[Data supplied — start]

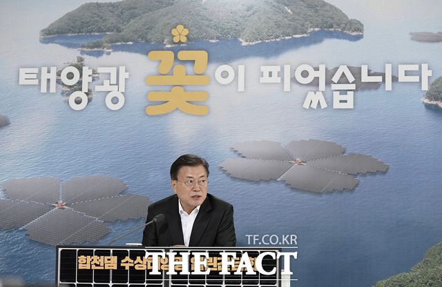 문재인 대통령은 재임시절 신재생을 확대하는 에너지 정책을 펼쳤다. 사진은 문 대통령이 대통령시절 경남 합천댐 물문화관에서 열린 합천댐 수상태양광 발전개시 관련 열린 간담회에 참석해 지역주민 및 전문가들과 대화를 나누고 있는 모습. /청와대 제공
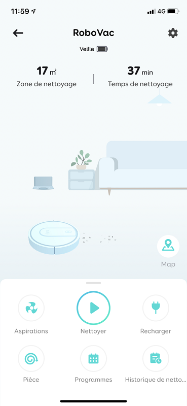 - Contrôle en temps réel : vous savez précisément où RoboVac se trouve et quelle tâche il est en train d’effectuer à tout instant.
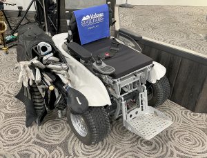 The VertaCat was designed by a paraplegic athlete who wanted to play golf. The mobility device doubles as a cart to traverse the golf course. Then the golfer can use the electric stand-up assist to raise the person into position to hit the golf ball. Another feature allows the golfer to fine-tune his position in relation to the ball.
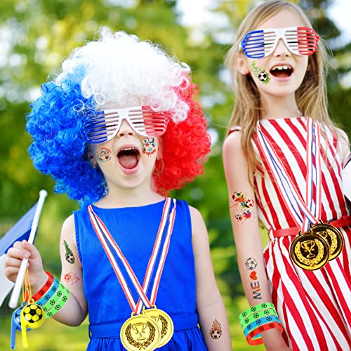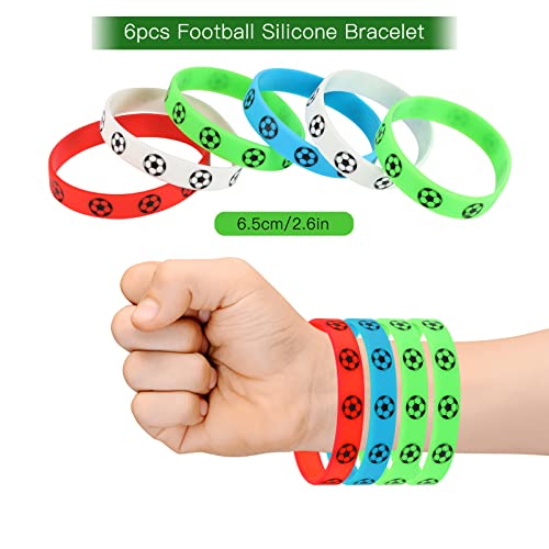 ⚽【Set Regalo Calcio Super Valore】: riceverai - 6 pezzi di fischietto per pallone da calcio con corda (colore casuale), 6 pezzi di braccialetti in silicone da calcio (1 rosso 2 bianco 1 blu 2 verde), 6 pezzi di portachiavi da calcio in gomma morbida in PVC, 6 pezzi di pallone da calcio Penne a sfera per modellare, 6 medaglie commemorative da 6 cm, 10 tatuaggi da calcio per bambini
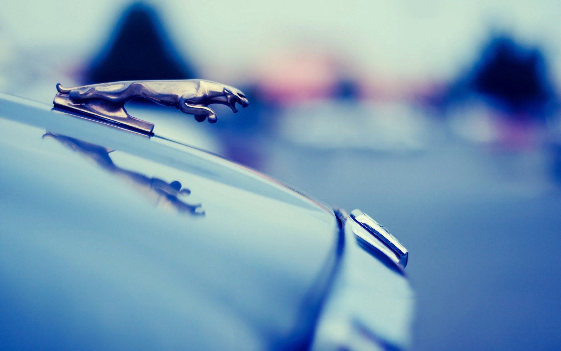 Schwarzer Jaguar in der Nacht auf dem Parkplatz
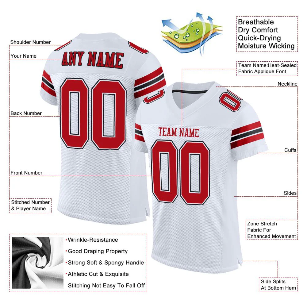 Custom Black White-Scarlet Mesh Authentic Football Jersey
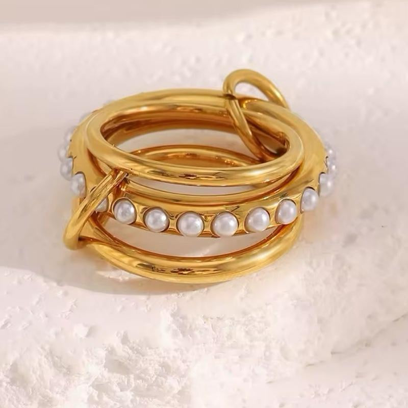 Stylish and versatile, our Interlock Rings are available in three signature styles: Pearl, Stone, and Multi. Crafted from high-quality stainless steel and finished in gold or silver, these rings offer lasting shine and durability. Their interlocking design adds a modern, elegant touch—perfect for stacking or making a statement on their own.
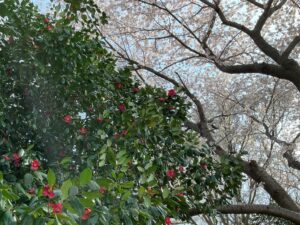 椿もまだ花盛り。 桜と椿の共演も、新潟だから…かな?
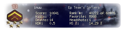 | Headshots | 1 | Suicides | 0 | Headshot / Kill | 14.29 % |
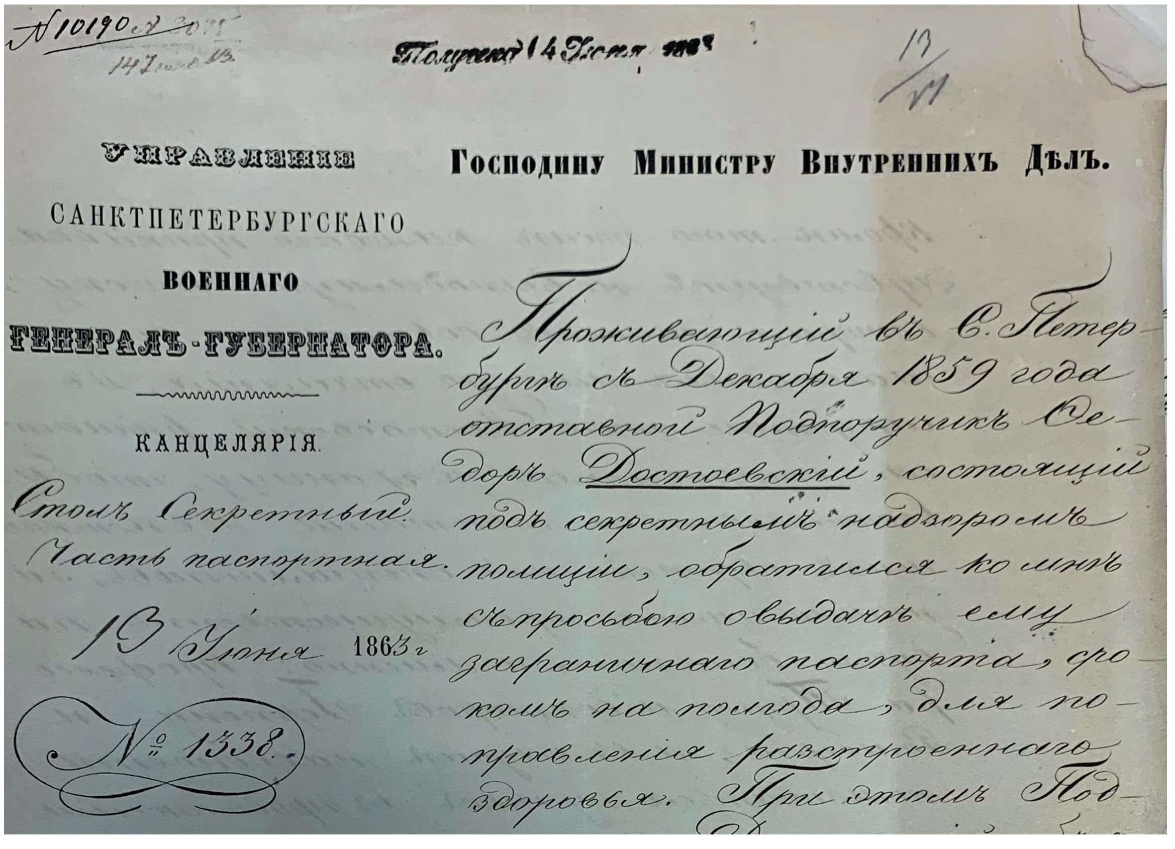 Fig. 12. From “The Case on the Petition of Retired Lieutenant Fyodor Dostoevsky for His Dismissal Abroad” (Russian State Historical Аrchive)
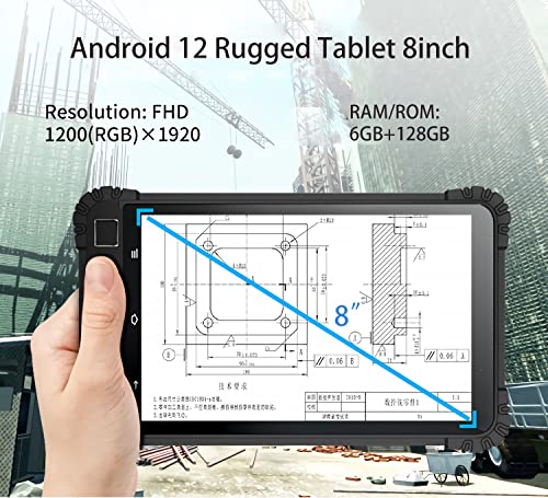 Ultra Rugged Tablet For Field Work: This 8inch display with capacitive multi-touch touchscreen is thin and lightweight at only 1.3 lbs.It is easy to carry and hold in the field.IP68 Waterproof Dustproof features permit this rugged tablet for the tough condition.Built-in Octa-core processor, Android 12,6GB RAM,128GB ROM ,WIFI & BT,13.0 Mega Camera make it for the powerful productivity tool.
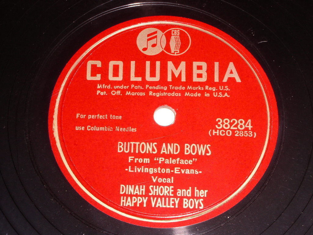 This is a 78 rpm phonograph record by Dinah Shore. Title: "Buttons And Bows"/"Daddy-O". Record label: Columbia 38284.
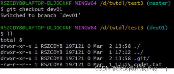 我们还可以直接切换到一个不存在的分支(创建并切换)
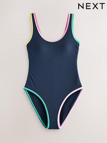 Contrast Binding Navy Rib Tummy Control Scoop Swimsuit
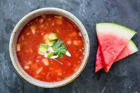 - If the watermelon wasn’t chilled before making the soup, put the gazpacho in the refrigerator until chilled, about 30 to 60 minutes.
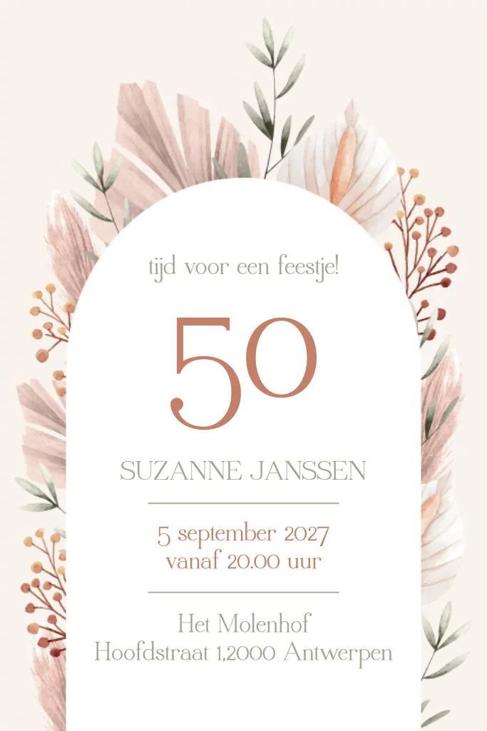 Stijlvolle uitnodiging 50 jaar verjaardag met tekeningen van verschillende droogbloemen en plaats voor tekst vooraan. Met hoogglans koper.
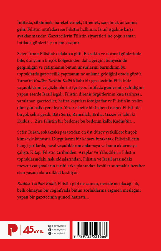Sefer Turan Filistine defalarca gitti. En sakin ve normal günlerinde bile, dünyanın birçok bölgesinden daha gergin, bünyesinde gerginliğin ve çatışmanın bütün unsurlarını barındıran bu topraklarda gazetecilik yapmanın ne anlama geldiğini orada gördü. Turanın Kudüs: Tarihin Kalbi kitabı bir gazetecinin Filistinde yaşadıklarını ve gözlemlerini içeriyor.
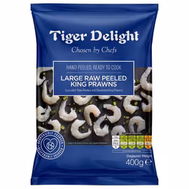 Tiger Delight is a premium king prawn brand offering a variety of high-quality prawns for home cooking. From raw to cooked, plain to marinated, their range provides versatile seafood options for various recipes and occasions. Product range includes raw peeled king prawns in large and extra large sizes, cooked whole and peeled king prawns, marinated varieties (sweet chilli, garlic and herb), crispy tempura king prawns, crunchy coated prawns, and easy peel options. Tiger Delight prawns are sized from large to jumbo, catering to different recipe needs and presentation requirements. Popular for stir-fries, curries, pasta dishes, salads, and as impressive party food centrepieces.
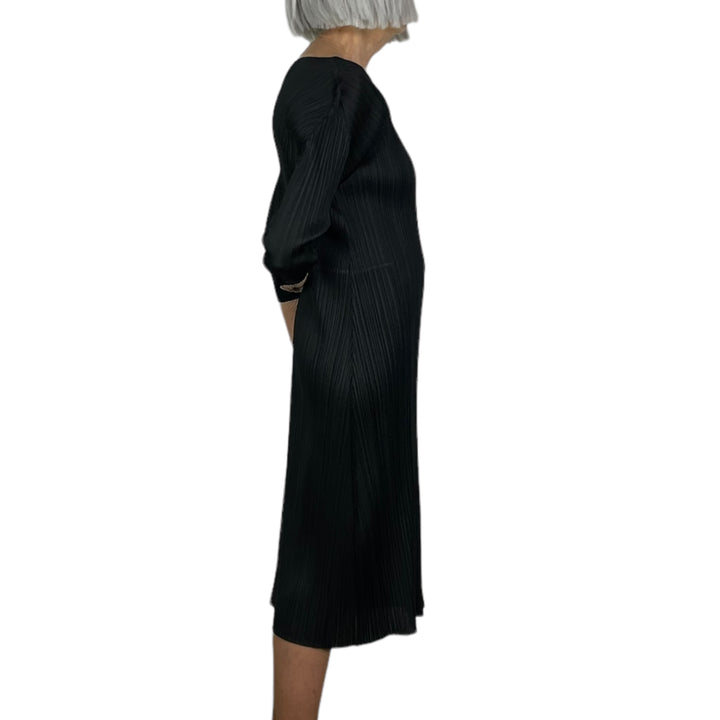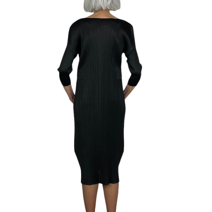 Pleated dress with a round neckline and 3/4 sleeves. Angular points at the knees for added side volume.

[Data supplied — finish]

● Exercise
What are the lines above from the one with "椿もまだ花盛り。 桜と椿の共演も、新潟だから…かな?" to the one with "Sefer Turan Filistine", both included? Reproduce them exactly, without pictures.

● Result of the task
 椿もまだ花盛り。 桜と椿の共演も、新潟だから…かな?
 | Headshots | 1 | Suicides | 0 | Headshot / Kill | 14.29 % |
 Fig. 12. From “The Case on the Petition of Retired Lieutenant Fyodor Dostoevsky for His Dismissal Abroad” (Russian State Historical Аrchive)
 Ultra Rugged Tablet For Field Work: This 8inch display with capacitive multi-touch touchscreen is thin and lightweight at only 1.3 lbs.It is easy to carry and hold in the field.IP68 Waterproof Dustproof features permit this rugged tablet for the tough condition.Built-in Octa-core processor, Android 12,6GB RAM,128GB ROM ,WIFI & BT,13.0 Mega Camera make it for the powerful productivity tool.
 This is a 78 rpm phonograph record by Dinah Shore. Title: "Buttons And Bows"/"Daddy-O". Record label: Columbia 38284.
 我们还可以直接切换到一个不存在的分支(创建并切换)
 Contrast Binding Navy Rib Tummy Control Scoop Swimsuit
 - If the watermelon wasn’t chilled before making the soup, put the gazpacho in the refrigerator until chilled, about 30 to 60 minutes.
 Stijlvolle uitnodiging 50 jaar verjaardag met tekeningen van verschillende droogbloemen en plaats voor tekst vooraan. Met hoogglans koper.
Sefer Turan Filistine defalarca gitti. En sakin ve normal günlerinde bile, dünyanın birçok bölgesinden daha gergin, bünyesinde gerginliğin ve çatışmanın bütün unsurlarını barındıran bu topraklarda gazetecilik yapmanın ne anlama geldiğini orada gördü. Turanın Kudüs: Tarihin Kalbi kitabı bir gazetecinin Filistinde yaşadıklarını ve gözlemlerini içeriyor.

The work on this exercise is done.